O Meu Amor De Ouro E Prata
O meu
amor é um homem de prata com um coração de ouro. Ele é todo macio e
aconchegante, mesmo sendo de prata, minério que a gente imagina frio e
sem a textura da carícia. Bem lá no começo ele foi diferente: era um
menino feito de rosas, também assim macio e aconchegante como é hoje,
mas ainda sem a prata, embora já tivesse nascido com o coração de ouro.
Como se fosse um ser
humano comum, o meu amor também fez uma longa caminhada pela vida afora:
foi um bebê no colo de uma mãe amorosa, gastou parte da infância a
espiar os astros, foi menino de escola, foi calouro numa universidade,
abriu-se ao sol como se abrem ao sol as flores dos algodoeiros, quando
descobriu uma coisa maravilhosa chamada Amor, viveu, viajou, penou,
aprendeu muitíssimas coisas – mas acho que por todo o tempo as pessoas
não se deram conta do Ser Precioso que ele era, tão precioso que, ao
contrário das outras pessoas, tinha batendo dentro do peito um coração
feito do mais puro ouro, e que escondia nele ânsias e tremuras, como o
coração de um passarinho! Será que é possível a gente juntar as duas
coisas, as ânsias e as tremuras num coração de ouro, já que a gente
costuma pensar em ouro como num metal frio e parado, sem capacidade de
estremecer de ansiedade? Em se tratando do meu amor, dá para juntar,
sim, pois seu coração de ouro é até volátil de tão macio, embora, mesmo
volátil, jamais abandone ele aquele peito amplo e generoso onde é sua
casa.
Ah! O peito do meu amor!
Como a muralha de uma fortaleza, ele se vira para o mundo, forte o
suficiente para absorver todos os dardos que talvez lhe sejam enviados,
e ao mesmo tempo é de uma ternura tão protetora e cheia de calor que não
há como ele deixar alguém se perder no frio da neve da falta de
solidariedade, tão amplo que é capaz de abarcar toda a Humanidade!

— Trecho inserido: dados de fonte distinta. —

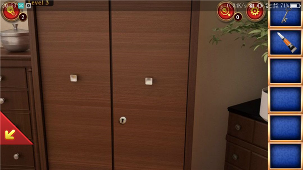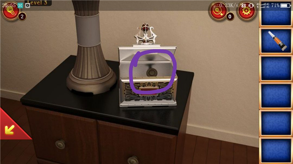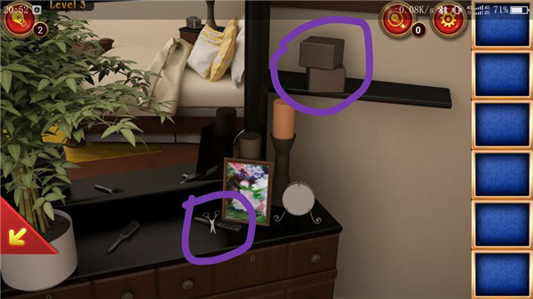 点击位置①,拿到梳妆台上的剪刀以及盒子后方的胶水。

Imagino que sobre lá, também, um cantinho, um ninhozinho onde eu possa
me abrigar ao menos na hora das atribulações!
E nessa combinação de
ouro, maciez, calor e proteção, como é que veio a prata? É que o meu
amor foi vivendo, foi vivendo, e um dia, enquanto olhava para ela, a Lua
Cheia prestou atenção nele, e acolheu-o no seio dela como dileto filho
que é. Já pensou ter um amor que é filho, também, da Lua Cheia? Pois foi
ela quem viu o quanto ele era bonito, e meigo, verdadeiro Cavaleiro
Andante a espalhar bálsamo no coração dos outros, e quis lhe dar o
lenitivo da prata. Então, sobre seu tempo de rosas, ela usou de toda a
doçura e da sua mais secreta tecelagem, e teceu nele aqueles fios de
prata que fazem com que hoje ele resplandeça de beleza, raiado da mais
macia prata, sendo que lá por dentro já tem o coração de ouro. Já pensou
como é ter um amor assim?
Não sei se todo o mundo
consegue ver toda a preciosidade desse meu amor! Às vezes as pessoas não
gostam de ver os brilhos externos. Mas eu vejo, e gosto, e me banho na
luz suave e brilhante que vem dele, e então a vida fica tão fascinante!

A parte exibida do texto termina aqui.